* Instructions to follow *
In the listing that follows, print every line exactly and leave the images out.

Segment Open

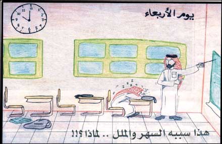بعض طلاب الدراسية الليلية والمسائية يعانون من ظاهرة تنتشر بين صفوفهم بشكل واضح، وهي النوم نهارا والسهر ليلا، مما يترك آثاره السلبية على حياتهم الاجتماعية وحالتهم الصحية. المطلوب الالتفات لهؤلاء، فوزارتا العمل والشؤون الاجتماعية مطالبتان بحصر عددية هؤلاء والتخطيط لاستيعاب جهدهم ووقتهم نهارا، وليت النشاط الطلابي يبادر بالتنسيق مع بعض المؤسسات الخيرية لتعهد هؤلاء بالتواصل معهم عبر رسائل الجوال ........
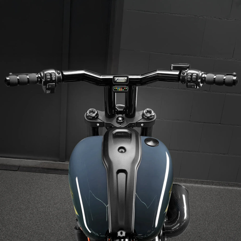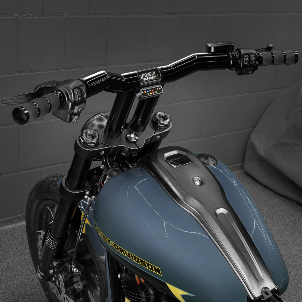 These bars also feature the Stealth View Speedometer Option: an OEM-style speedometer is seamlessly flushed into the bars for a super clean look. The wiring is fully concealed inside a custom internal tunnel, keeping everything tidy. To achieve this level of precision, the bars with the flush speedo option are CNC-machined from a solid chunk of steel using 5-axis technology. Don’t have the speedometer yet? You can grab it directly from our store.
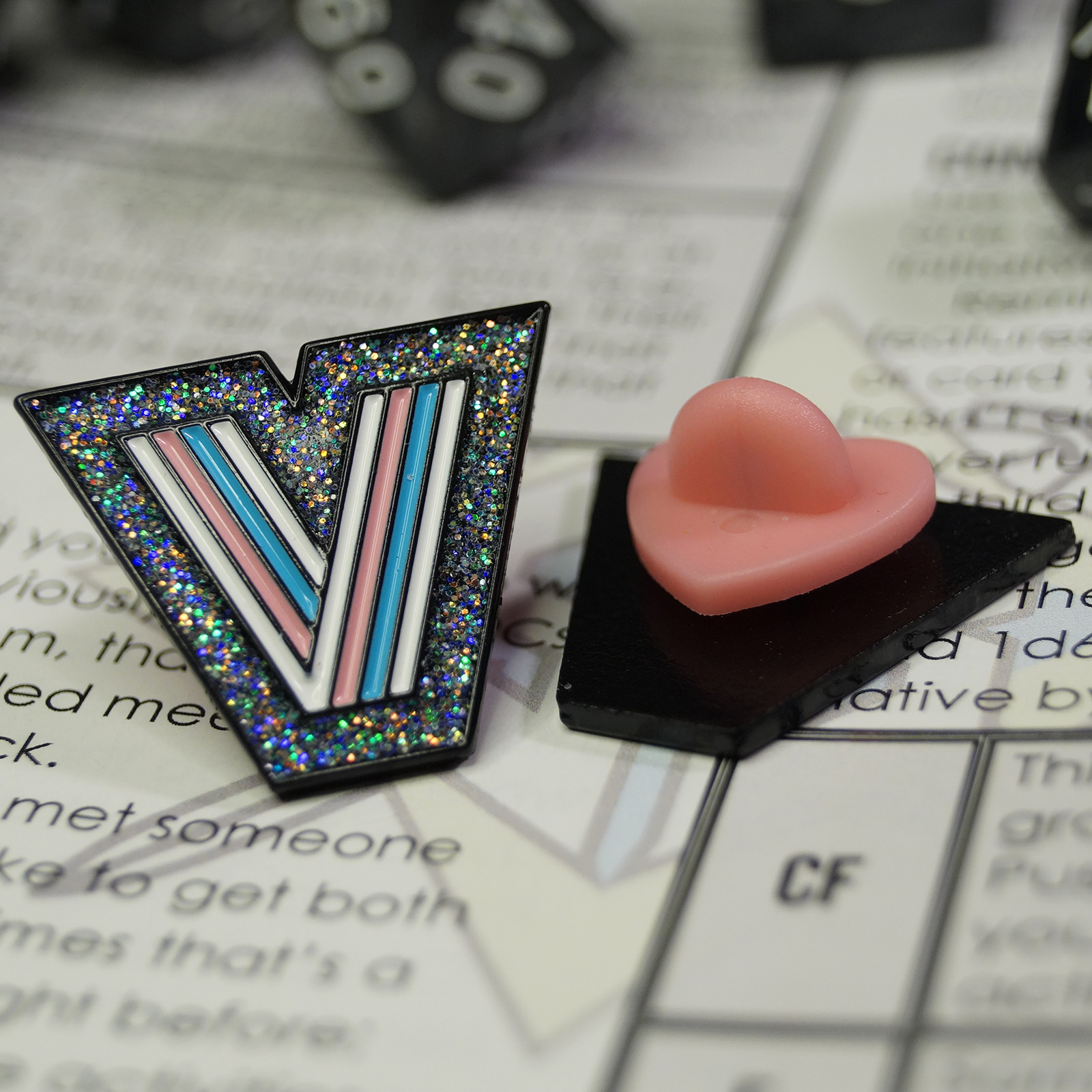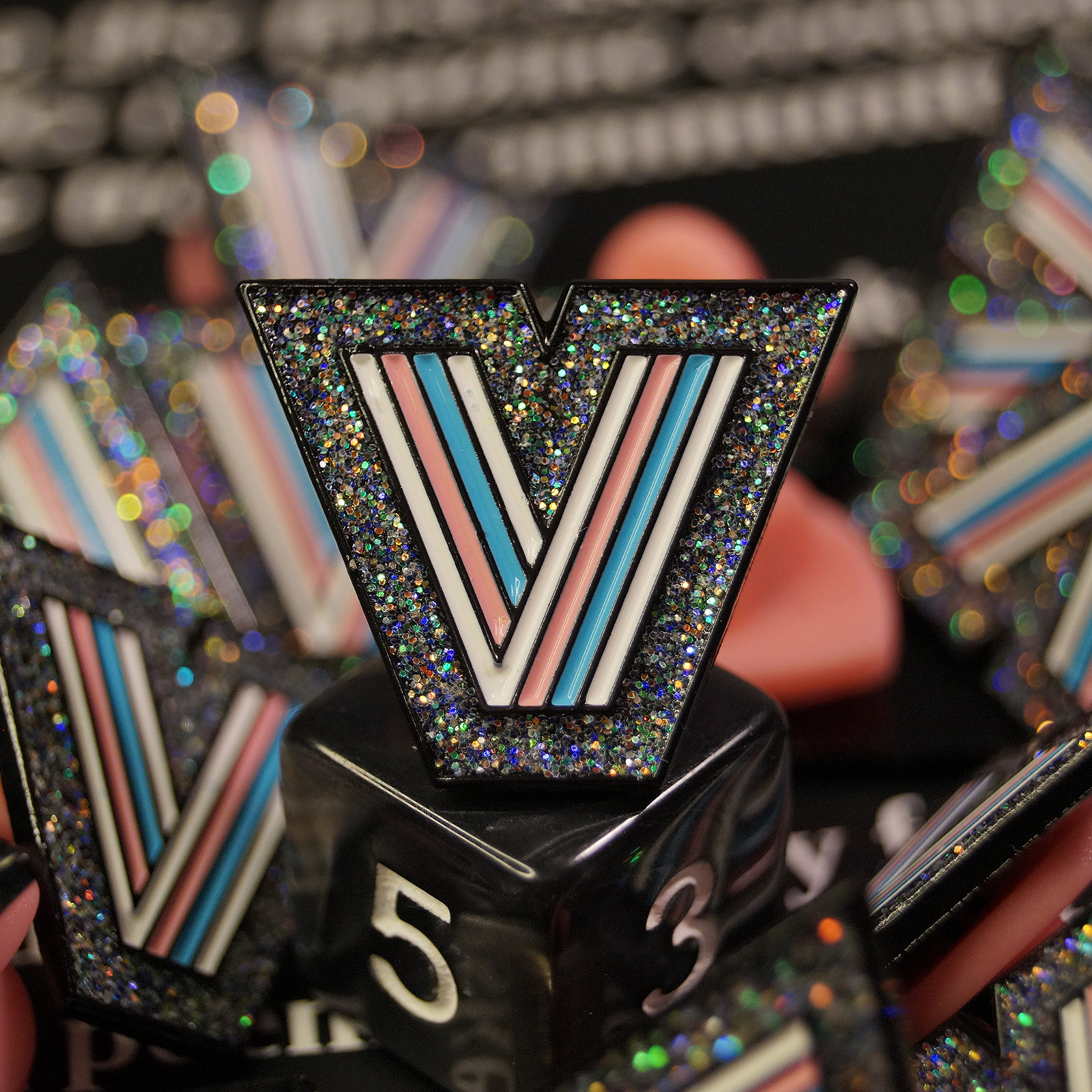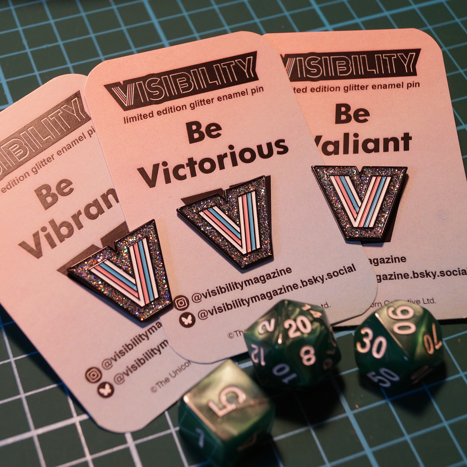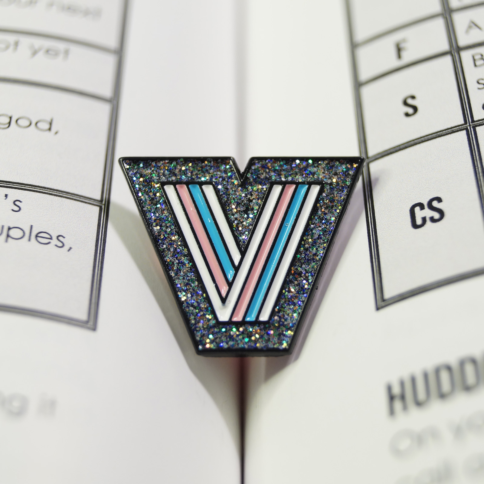 Our badge is 25mm of dyed black metal, with the classic Visibility ‘V’ in soft enamel and a glitter resin surround. Feel proud wearing this vibrant display of trans power!
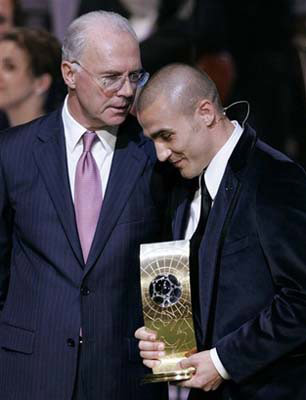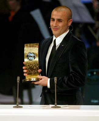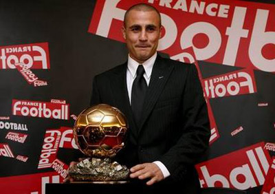 やがて彼はセリエAの選手になり、 パルマ、インテル、ユヴェントスと経験を重ねて、 現在はレアル・マドリードに在籍しています。 そして今年2006年7月と12月に、 このスクニッツォが大切に大切に育ててきた夢の すべてが実現しました。 サッカー選手がその腕で空にかかげることを夢見る 3つのカップを、カンナヴァーロは全部かかげました。 まず7月9日に、 イタリア代表キャプテンの腕章を付けた腕でW杯を。 ![]() そして12月には、 ヨーロッパ年間最優秀選手に与えられる バロン・ドール賞と、 FIFA年間世界最優秀選手賞を。 これは今まで ディフェンダーに与えられた例のない賞です。 バロン・ドールは イタリアの人気女優 モニカ・ベッロッチから手渡されました。 ![]() それを受け取った時にカンナヴァーロは 「夢を信じなくちゃいけない。 ぼくはいつもこの時を夢見ていた、 いつも夢を信じていた、 そしてこのすべてをナポリの少年たち、 ぼくがそうだったような スクニッツォたちに捧げる。 君たちはサッカーをやりなさい、 良くない友だちから離れなさい、 何かを信じなさい、 人生の夢は叶えることができるんだから。 このカップが、その見本だ‥‥」と言って、 カップにキスをしました。 FIFA年間最優秀選手賞は、 昨年の受賞者ロナウジーニョから手渡されました。 そしてカンナヴァーロは、 これもナポリの少年たちに捧げました。 ![]() イタリア共和国首相は、 彼に模範的市民として賞を与え、 今やカンナヴァーロは 単にサッカー界で最も多くの賞を受けたイタリア人の サッカー選手であるだけはなく、 人生で成功したいと願う若者や、 その道のりで多く「しでかした」スクニッツォたちの、 全員のアイコンでもあるのです。 ![]()
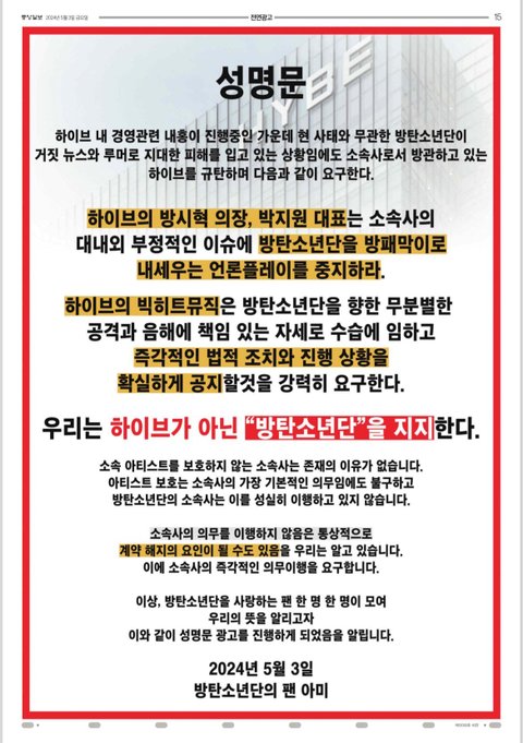 해외에서도 아미들 성명문하고 있나봐..
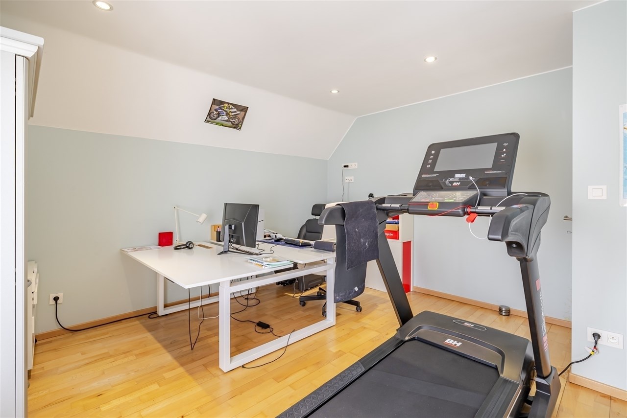 Op het gelijkvloers is er een ruime inkomhal, toilet, ontzettend ruime en lichtrijke woonkamer met open keuken, een grote bergruimte en een bureau of praktijkruimte.
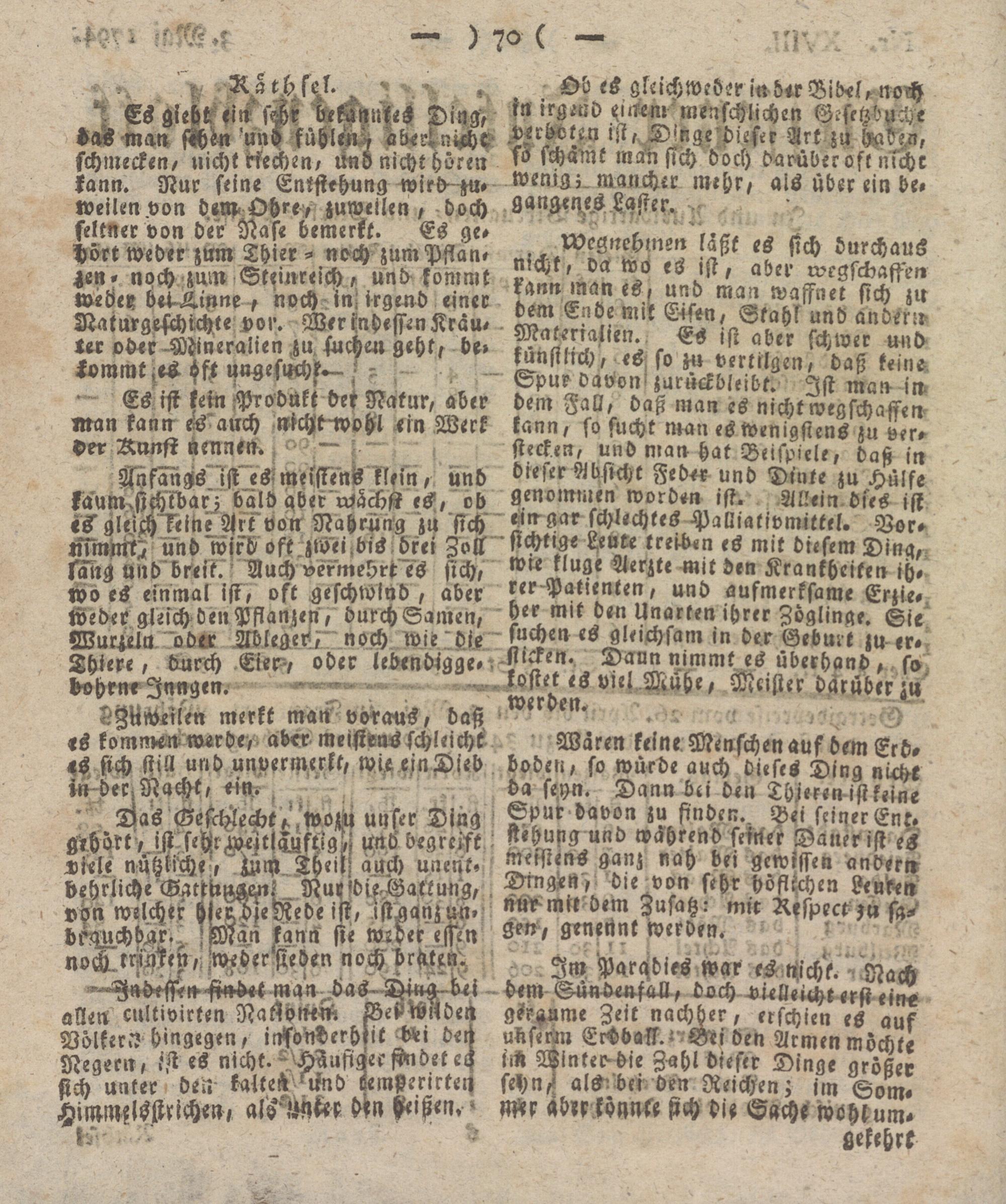 Es gieht ein Hr bekanutes Ding, irgend §inem menschlichen Gefttzbuche -Ls man sKh^n 'und fühl mH aberl nhche .veroottn ist, Dinge dieser Art zu frafren, schmecken, nicht Vieche», und nicht hören 'ö v^aTnf man stch doch darüberofk mchc kann. Nur seine Entstehung mir fr-tu* lvemg; mancher mehr, als über ein be, weilen von dem-Ohre, zuweilen , doch Zangeres Laster.

Segment Closed

* Response to this exercise *
بعض طلاب الدراسية الليلية والمسائية يعانون من ظاهرة تنتشر بين صفوفهم بشكل واضح، وهي النوم نهارا والسهر ليلا، مما يترك آثاره السلبية على حياتهم الاجتماعية وحالتهم الصحية. المطلوب الالتفات لهؤلاء، فوزارتا العمل والشؤون الاجتماعية مطالبتان بحصر عددية هؤلاء والتخطيط لاستيعاب جهدهم ووقتهم نهارا، وليت النشاط الطلابي يبادر بالتنسيق مع بعض المؤسسات الخيرية لتعهد هؤلاء بالتواصل معهم عبر رسائل الجوال ........
 These bars also feature the Stealth View Speedometer Option: an OEM-style speedometer is seamlessly flushed into the bars for a super clean look. The wiring is fully concealed inside a custom internal tunnel, keeping everything tidy. To achieve this level of precision, the bars with the flush speedo option are CNC-machined from a solid chunk of steel using 5-axis technology. Don’t have the speedometer yet? You can grab it directly from our store.
 Our badge is 25mm of dyed black metal, with the classic Visibility ‘V’ in soft enamel and a glitter resin surround. Feel proud wearing this vibrant display of trans power!
 やがて彼はセリエAの選手になり、 パルマ、インテル、ユヴェントスと経験を重ねて、 現在はレアル・マドリードに在籍しています。 そして今年2006年7月と12月に、 このスクニッツォが大切に大切に育ててきた夢の すべてが実現しました。 サッカー選手がその腕で空にかかげることを夢見る 3つのカップを、カンナヴァーロは全部かかげました。 まず7月9日に、 イタリア代表キャプテンの腕章を付けた腕でW杯を。 ![]() そして12月には、 ヨーロッパ年間最優秀選手に与えられる バロン・ドール賞と、 FIFA年間世界最優秀選手賞を。 これは今まで ディフェンダーに与えられた例のない賞です。 バロン・ドールは イタリアの人気女優 モニカ・ベッロッチから手渡されました。 ![]() それを受け取った時にカンナヴァーロは 「夢を信じなくちゃいけない。 ぼくはいつもこの時を夢見ていた、 いつも夢を信じていた、 そしてこのすべてをナポリの少年たち、 ぼくがそうだったような スクニッツォたちに捧げる。 君たちはサッカーをやりなさい、 良くない友だちから離れなさい、 何かを信じなさい、 人生の夢は叶えることができるんだから。 このカップが、その見本だ‥‥」と言って、 カップにキスをしました。 FIFA年間最優秀選手賞は、 昨年の受賞者ロナウジーニョから手渡されました。 そしてカンナヴァーロは、 これもナポリの少年たちに捧げました。 ![]() イタリア共和国首相は、 彼に模範的市民として賞を与え、 今やカンナヴァーロは 単にサッカー界で最も多くの賞を受けたイタリア人の サッカー選手であるだけはなく、 人生で成功したいと願う若者や、 その道のりで多く「しでかした」スクニッツォたちの、 全員のアイコンでもあるのです。 ![]()
 해외에서도 아미들 성명문하고 있나봐..
 Op het gelijkvloers is er een ruime inkomhal, toilet, ontzettend ruime en lichtrijke woonkamer met open keuken, een grote bergruimte en een bureau of praktijkruimte.
 Es gieht ein Hr bekanutes Ding, irgend §inem menschlichen Gefttzbuche -Ls man sKh^n 'und fühl mH aberl nhche .veroottn ist, Dinge dieser Art zu frafren, schmecken, nicht Vieche», und nicht hören 'ö v^aTnf man stch doch darüberofk mchc kann. Nur seine Entstehung mir fr-tu* lvemg; mancher mehr, als über ein be, weilen von dem-Ohre, zuweilen , doch Zangeres Laster.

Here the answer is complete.